Ждал Домрачев эту путину, ждал и предчувствовал нехорошее, и потягивало нехорошим, чуял Домрачев, с отлова нормовой. Как сказал председатель про нормовую, ровно иглой шурнули Домрачеву под сердце.
Домрачев посмотрел на лейтенанта, отмахнул дым в сторону. «Мне бы твои заботушки», — подумал он. Ведь легче всего было оказаться сейчас слепым и глухим. И завидовал, завидовал Домрачев лейтенанту. Нет, не то чтобы боялся Домрачев схватки с рыбаками — этого не было, боялся собственной несправедливости к ним. И мучился.
— Устали небось, — затевает разговор Катерина, разливая по чашкам чай. — Може, молочка кому?.. Парное молочко… — В голосе ее забота, и глаз с мужа не спускает.
— Чайку мне, только послабже, для покраски — соснуть нужно час-другой.
И лейтенант чай выбрал.
— Сливы вот ешьте, сладенькие, — Катерина подсовывает белую эмалированную миску. Омытые сливы посвечивают капельками нестекшей воды, исходят янтарным светом, а внутри плодов косточки темнеют загадочно.
Домрачев захватывает в горсть сразу с десяток штук.
— Бери, Виталий Петрович, витамины.
Лейтенант берет сливы по одной, аккуратно обсасывает косточки, смакует, складывает их горочкой на краю стола.
— Хорошие сливы уродились, — говорит Катерина. — А думала, ничего не будет. Весной толичко цвет набрали, а ночью мороз. Утром выхожу, а земля кругом вся белая — в лепесточках…
Сливы подобрали до одной. За чай принялись. Домрачев пил без сахара — ладно хлеб посолодил. Лейтенант хрумкал вприкуску.
И снова в молчании.
Перед Домрачевым Амур до самых дальних сопочек проглядывался, тек открыто, спокойно и торжественно. Домрачев и сейчас о нем думал. О нем и о себе. Все-таки не следовало ему ввязываться в это дело, уйти нужно было в сторону, настоять на своем и уйти. Другого рыбоинспектора, чужого человека, поостереглись бы мужики и не рискнули лезть на рожон. А так остается для них лазейка — он, Семен Домрачев. Полагаются они на него, а что он? Что делать ему прикажете, когда выйдут они на тони? А они выйдут, гадать и думать здесь нечего.

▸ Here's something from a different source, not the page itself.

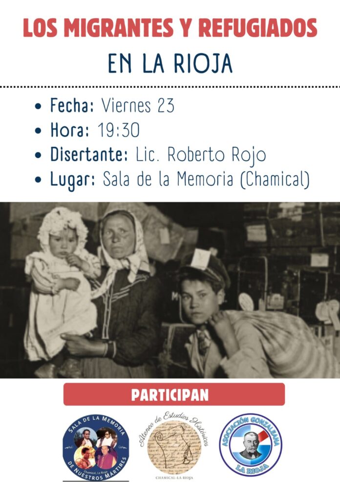 Este viernes 23 de mayo a las 19:30 horas, en la Sala de la Memoria de Nuestros Mártires de Chamical se presentará el conversatorio «Los migrantes y refugiados en La Rioja» a cargo del Lic. Roberto Rojo de la Asociación Gonzaleana. Autor del libro «Sociedad Sirio Libanesa de La Rioja 1910 – 2018».
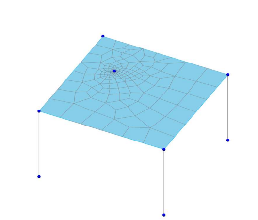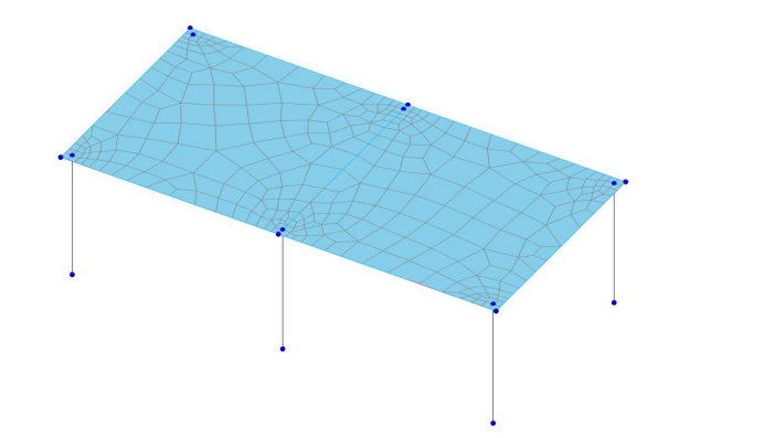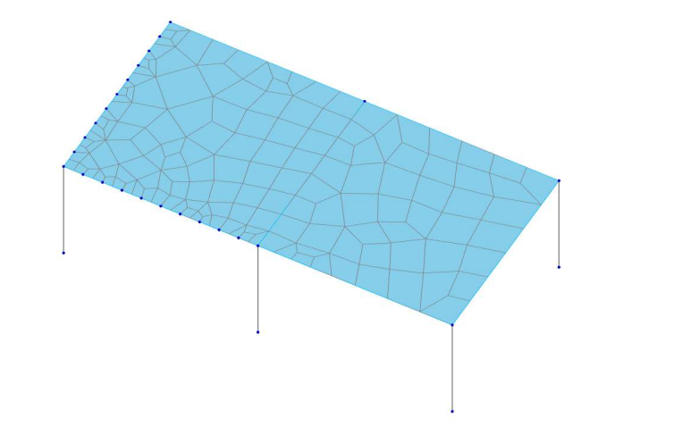 The finite elements remain 4-sided in shape. A typical example of a valid mesh is shown below. The example is made up of two FE surfaces with a common boundary at the middle of the slab. The FE mesh is automatically generated by the software using a meshing algorithm which attempts to form a mesh which complies with the above requirements.

И вспомнил Домрачев про телефон, про прямую связь с начальником. Не один раз за эти дни подмывало его трубку поднять, но не решался все, не хватало духу, что ли. И сейчас он только подумал о телефоне, но даже не шевельнулся — так и остался сидеть, как сидел, потому что не мог он сбросить со счетов дело, порученное ему, — большое и нужное дело.

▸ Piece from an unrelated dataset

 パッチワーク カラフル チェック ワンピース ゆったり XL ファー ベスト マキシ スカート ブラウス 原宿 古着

Домрачев в окно поглядывал, лейтенант — на занавеску в Катенькину комнату. Там, вправо от двери, стоит комод, над ним книжная полка, дальше вдоль стены покрытый ковром диван, на котором и спит Катенька. Возле небольшой столик с лампой у окна в сад. В окно заглядывают георгины, ветки с янтарными сливами, оттого и стоит в комнате мягкий зеленоватый свет и прохлада. Что же не выходит Катенька?

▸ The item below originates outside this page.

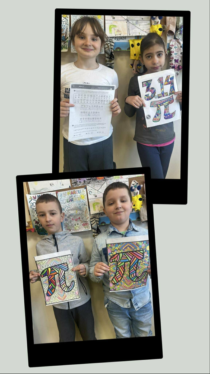 Klasy 0–3 wykonały piękne, kolorowe prace przedstawiające liczbę π. Uczniowie z ogromnym zaangażowaniem kolorowali i ozdabiali swoje prace, pokazując jak ciekawa i kolorowa może być matematyka.
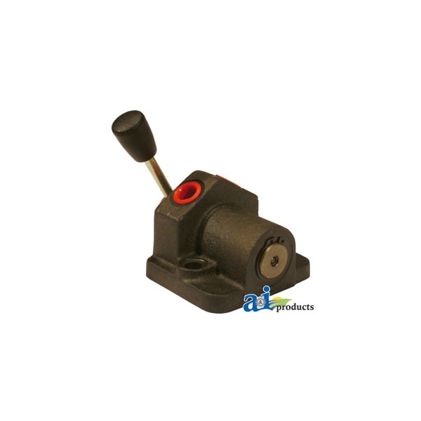 Selector Valve, Dim A (1): Provides a positive change over from tractor hyd. to external service., Dim B (2): Does away w/ need to fix the tractor lift arm in the lower position when external service is in use., Dim C (3): simply by operating the valve., Dim C (3): The 3 point linkage of the tractor can be free for use while the external service remains connected, Dim D (4): Services lift arms plus three external ports w/ return going back to rear end. Ports can only be, Dim D (4): used one at a time., Notes 2: located on the hydraulic lift cover, Notes 2: This 3 way selecter valve is designed to fit in place of 180908M1 interface cover plate which is, Notes: Converts MF hydraulic to external service (valve has 3/8" BSP thread in pressure ports), Port Size: 3/8" BSP

— Катерина-то спит? — опросил Домрачев, приметив взгляд лейтенанта.
— Пусть поспит, пока при родителях, — сказала Катерина.
Домрачев качнул укоризненно головой, но в глазах строгости не было, хотя и сказал строго:
— Балуешь на свою голову!
Улыбнулась Катерина его словам.
— Сам-то по ночам родишь одеяло подтыкать.
Домрачев помолчал, — прихлебывая чай: чего отнекиваться-то? Есть грешок, водится, потому как любит дочь. Катерину видит в ней — не различить. Вот как случается! Вот как бывает, мил человек, лейтенант ты мой кудрявый!.. И шуры-муры заводить с ней я тебе не позволю… Нет, не позволю. Кто ты нам? Пришел — и ушел, а здесь своих охотников хватает. И не хуже тебя.
Лейтенант чай пьет и глаз с занавески не спускает. Кашлянул Домрачев. Лейтенант в мгновение взгляд укоротил, зачмокал старательнее и насупился, будто ругнули его зря.
А может, всерьез у него все, всерьез сердце к Катюшке лежит. Поди разберись…
Допил чай, поднялся от стола.
Солнце уже поднялось, ужались тени, но роса еще посверкивала на траве, на листьях и на ступеньках, наполовину накрытых тенью, и из сада тянуло свежестью утра и увядающими травами. Домрачев постоял неподвижно, вдыхая в себя горьковатые запахи, различая их, полюбовался на дальний с темными елями распадок: кутался там меж ветвей, таял от солнца серебристо-синий туман. Мирная тишина вокруг, мирная и светлая. И лежал внизу озаренный солнцем Амур. Да ему избыву нет! И не будет, только по-людски бы нам, по-хозяйски да добром с ним. А ему вон — конца нет! На всех хватит вдосталь.
Спать Домрачев отправился на сеновал, а прежде на приступке крыльца выкурил сигарету.
Лейтенант лег в горнице на тахте, и Катерина, боясь потревожить его сон, по кухне шныряла бесшумно, будто летала по воздуху.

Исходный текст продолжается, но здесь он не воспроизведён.